Key data and statistics
While all categories of work have been affected to some degree during the pandemic, the overwhelming majority of job losses, disadvantage and upheaval have been experienced by casual employees.
To curb the effect of COVID-19, state mandated lockdowns were implemented at various stages throughout 2020 and 2021. Nearly 600 000 Australians lost their jobs in early 2020 as a result of these lockdowns—the largest on record since the Labour Force Survey commenced in 1978. It was argued during the inquiry that the impact of the lockdowns was vastly disproportionate, with job losses being most severe in positions that were casual and part time. This is supported by research conducted by the McKell Institute Victoria, which submitted that:
Between the February and May 2020 quarterly labour force surveys, the number of employees without paid leave (casuals) dropped by 20 per cent, while the reduction for those with paid leave (permanents) dropped by just two and half per cent.

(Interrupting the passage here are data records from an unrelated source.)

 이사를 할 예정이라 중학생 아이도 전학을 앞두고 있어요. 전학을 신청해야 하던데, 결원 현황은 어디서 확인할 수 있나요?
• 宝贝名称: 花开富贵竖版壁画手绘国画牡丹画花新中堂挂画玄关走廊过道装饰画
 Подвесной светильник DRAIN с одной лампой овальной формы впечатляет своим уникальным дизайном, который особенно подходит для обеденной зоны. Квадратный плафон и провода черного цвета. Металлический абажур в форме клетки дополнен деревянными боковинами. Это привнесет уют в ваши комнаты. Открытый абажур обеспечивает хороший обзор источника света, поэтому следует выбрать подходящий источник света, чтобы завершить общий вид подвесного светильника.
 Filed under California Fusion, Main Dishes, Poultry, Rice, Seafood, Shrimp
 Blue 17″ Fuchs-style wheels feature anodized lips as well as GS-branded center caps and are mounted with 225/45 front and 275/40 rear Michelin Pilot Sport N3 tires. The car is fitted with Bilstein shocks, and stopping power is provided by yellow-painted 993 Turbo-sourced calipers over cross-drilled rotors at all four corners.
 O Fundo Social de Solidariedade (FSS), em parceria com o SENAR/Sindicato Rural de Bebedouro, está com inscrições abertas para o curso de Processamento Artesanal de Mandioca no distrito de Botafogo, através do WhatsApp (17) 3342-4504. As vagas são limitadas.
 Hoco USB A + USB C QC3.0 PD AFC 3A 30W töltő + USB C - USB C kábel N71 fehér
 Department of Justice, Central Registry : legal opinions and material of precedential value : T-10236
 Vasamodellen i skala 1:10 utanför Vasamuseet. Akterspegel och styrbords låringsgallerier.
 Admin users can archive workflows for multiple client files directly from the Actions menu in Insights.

The Centre for Future Work also submitted estimates quantifying the effect of lockdowns upon the workforce and pointed out that the impact of lockdowns on other categories of insecure work were also significant, with 12.8 per cent of part-time employees losing their jobs over the same duration.
Figure 6.1 illustrates the disparity in the composition of job-losses due to the first lockdown as well as employment recovery by November 2020. By November, casual employment had recovered significantly, but still remained 5 per cent below pre-pandemic levels. According to the Australian Industry Group (Ai Group), this recovery 'underscores the flexible nature' of casual employment.

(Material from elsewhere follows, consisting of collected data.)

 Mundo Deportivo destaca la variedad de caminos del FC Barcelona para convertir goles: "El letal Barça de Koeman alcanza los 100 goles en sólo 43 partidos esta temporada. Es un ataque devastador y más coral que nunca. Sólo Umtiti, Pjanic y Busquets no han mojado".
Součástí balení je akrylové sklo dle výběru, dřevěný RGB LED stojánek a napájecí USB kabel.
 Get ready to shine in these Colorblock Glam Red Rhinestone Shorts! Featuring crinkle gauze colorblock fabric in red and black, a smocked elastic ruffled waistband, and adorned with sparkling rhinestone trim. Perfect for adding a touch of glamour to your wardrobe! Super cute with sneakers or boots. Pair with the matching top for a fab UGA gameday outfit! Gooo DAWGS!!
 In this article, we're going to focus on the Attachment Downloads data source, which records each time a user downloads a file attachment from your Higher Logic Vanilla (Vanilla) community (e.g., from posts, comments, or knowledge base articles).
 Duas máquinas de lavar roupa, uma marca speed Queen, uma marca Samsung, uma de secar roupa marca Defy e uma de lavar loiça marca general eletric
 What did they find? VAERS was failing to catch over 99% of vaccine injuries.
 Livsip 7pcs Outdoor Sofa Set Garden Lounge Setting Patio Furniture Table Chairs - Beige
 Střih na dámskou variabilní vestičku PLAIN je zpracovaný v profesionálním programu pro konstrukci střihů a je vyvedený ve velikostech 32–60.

Figure 6.1: Changes in employment for casuals, permanent employees and owner-managers in 2020
Source: Ai Group, Submission 77, p. 7.
However, job losses were not permanent. As job growth occurred between major lockdown periods, casual jobs accounted for over half of all jobs recovered, and part-time jobs accounted for almost 60 per cent.

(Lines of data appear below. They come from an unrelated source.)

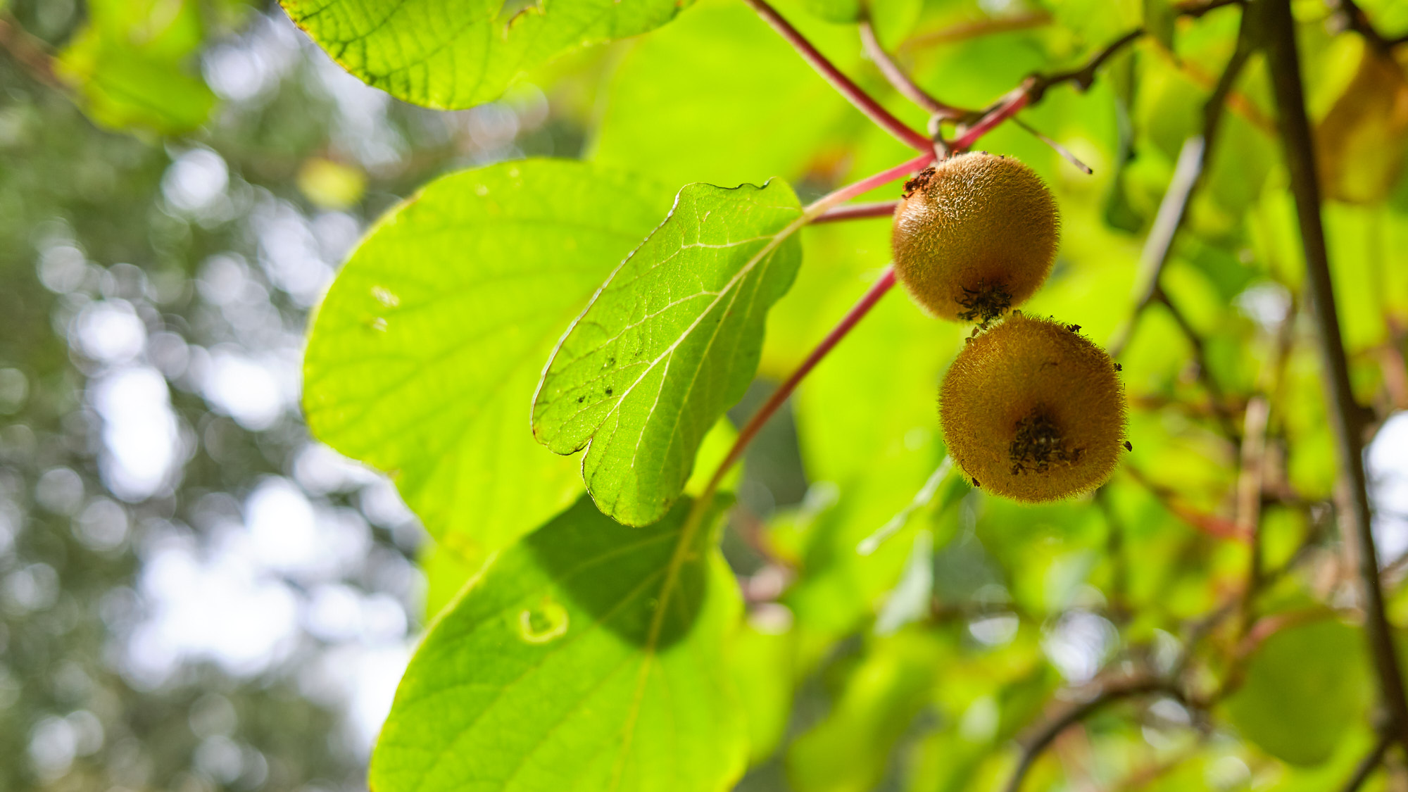 我们在后面的小院子坐下,院子里爬满了各种植物,在我们头顶就挂着小小的奇异果。店员跟我们说如果我们有兴趣可以自己摘几个带回去,路边的野花不要采,野果当然也不要吃。
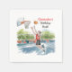 Eine energische Abbildung eines jungen Jungen im Mittelsprung, der sich auf einem Basketballplatz im Freien aufhält, umgeben von einer lebhaften Menge jubelnder Zuschauer. Mit lebendigen Farben und dynamischer Bewegung erweckt diese Szene die Begeisterung für eine Geburtstagsparty im Basketballthema. Ideal für Einladungen, Party-Plakate oder Gedächtnisbücher, die den besonderen Tag eines sportlichen Kindes feiern.
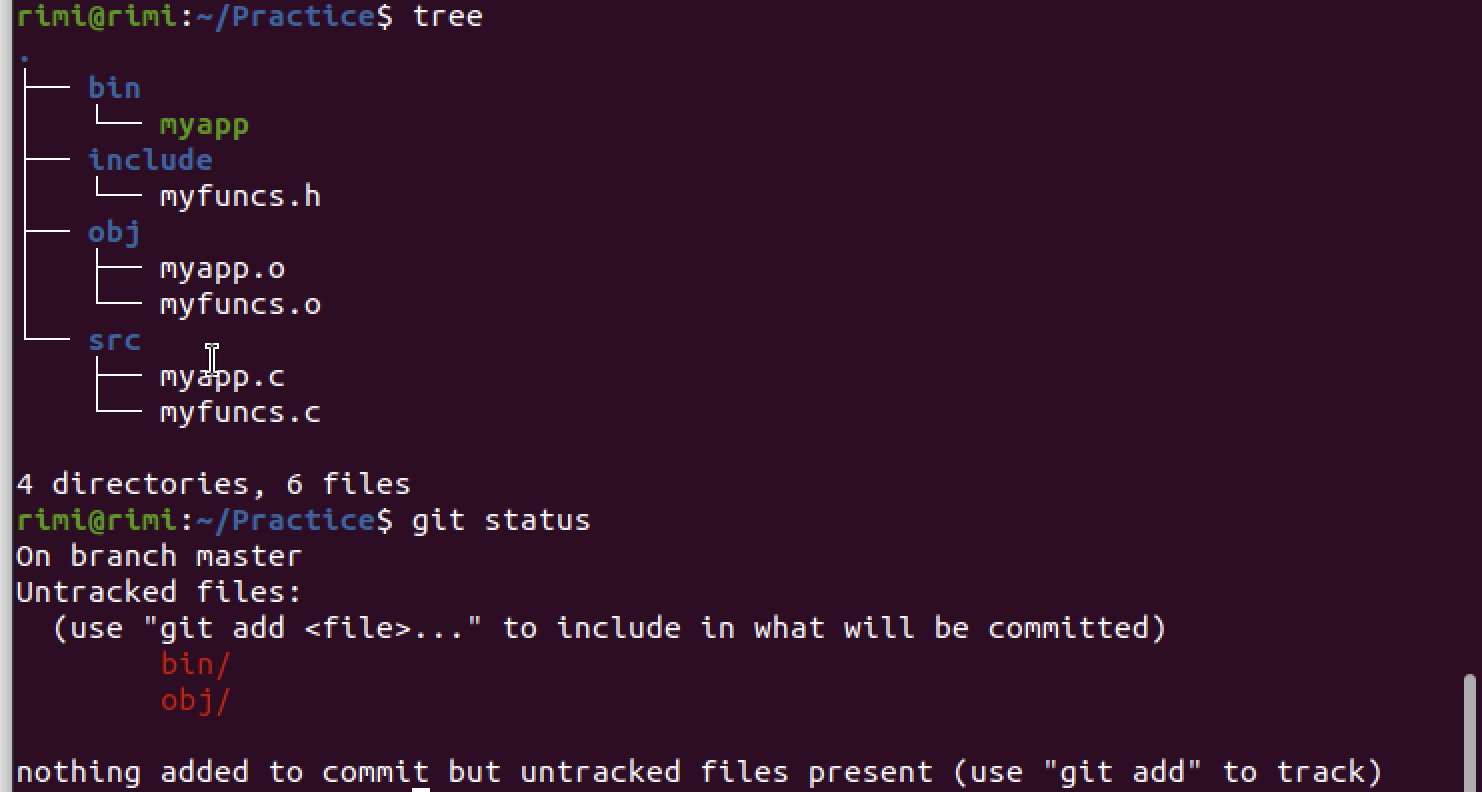 - bin 폴더의 실행 파일인 myapp과 obj폴더의 object 파일은 깃에 추가될 필요가 없기 때문이다.

The Centre for Future Work's October 2021 report quantified the impact of the 2021 delta-strain lockdowns in NSW, Victoria and the ACT. Its analysis of quarterly data from the Australian Bureau of Statistics (ABS) indicated a clear continuation in the trend of job losses in 2020. Workers in casual jobs were eight times more likely than those in permanent positions to experience job loss during the 2021 lockdowns. In fact, the report concluded that the concentration of job loss among insecure workers had become more severe as the pandemic has progressed.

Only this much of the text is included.